While I don't agree with them, there are obviously people who really like the new theme (as they've spoken up right here). Nonetheless, I just feel compelled to comment. I'm not crabbing just because there's been change; I wasn't all that enamored of the old theme, but it was usable. I simply don't like the new theme, and I think there are sound, design-specific reasons why.

But, like I said, as long as there are alternative themes, I'm okay, and you can tell me to shut up.


----------



## Ankh-Morpork Guard (Dec 29, 2004)

jezter6 said:
			
		

> See, there's the point that gets me thinking...the last 2 times I've seen major design changes (and said my comments about them), they were changes that just appeared. Nobody else has control over site design and changes are not publicised in advance, and the one style I would bet most people use, is the one always changing.
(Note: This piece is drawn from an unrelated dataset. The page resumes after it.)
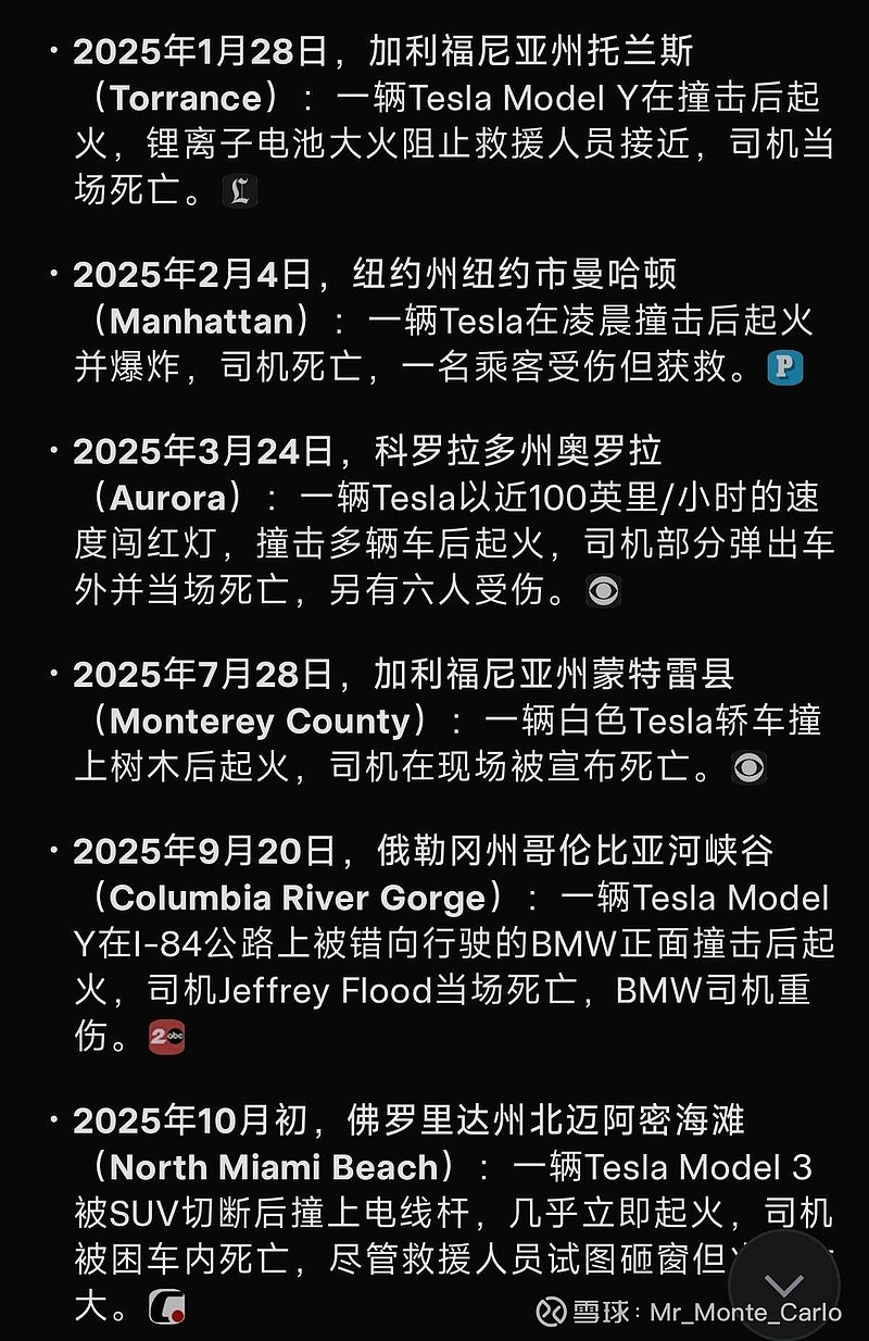 $小米集团-W(01810)$ 随手搜了一下特斯拉在美国的交通事故着火导致驾驶员丧生的案件,发现非常的多,2025年就好几起,如果放在中国的舆论环境小米身上,这个简直是不可以想象的。电动车超速撞车导致起火爆燃,驾驶人员丧生,车门打不开,这种事儿在任何的车企身上都有可能发生,所以今天你落井下石,明天就会被反噬。

Just wanted to tell you that these changes and such were 'polled' as sorts, but not to the public. Really, there's just too many people here on ENWorld to make that possible. But Michael had a bunch of threads on 'how does this look' 'what about this?' etc etc all through the Staff Forum as this was being tweaked. So it isn't just his doing. Blame everyone with access to that forum.


----------



## Zappo (Dec 29, 2004)

I like the new style. 

 MM, keep in mind that people who post on a thread are more likely to be the ones who disagree with the change. For example, I wouldn't have posted if I didn't feel the need to say this. I'm positive that most enworlders like the change.


----------



## Starman (Dec 29, 2004)

FWIW, I like the new look. I really like it, in fact. I don't have a problem reading light text on a dark background and the textures don't make it a problem, either. I also haven't noticed the site as being any slower than it was before the change and I am on a crappy dial-up connection. 

Starman


----------



## Thornir Alekeg (Dec 29, 2004)

jezter6 said:
			
		

> See, there's the point that gets me thinking...the last 2 times I've seen major design changes (and said my comments about them), they were changes that just appeared. Nobody else has control over site design and changes are not publicised in advance, and the one style I would bet most people use, is the one always changing.
> 
> snip
> 
> That's just my thoughts.




While that would be nice, it is not reasonable to think that the staff here should take the time to check with the - how many? 20,000 users of this site?  - before they make changes.  And what would be the criteria for allowing a change?  Loudest complaints win?  Majority rule?  If 51% hate the look and 49% like it, does that mean they should not implement it?  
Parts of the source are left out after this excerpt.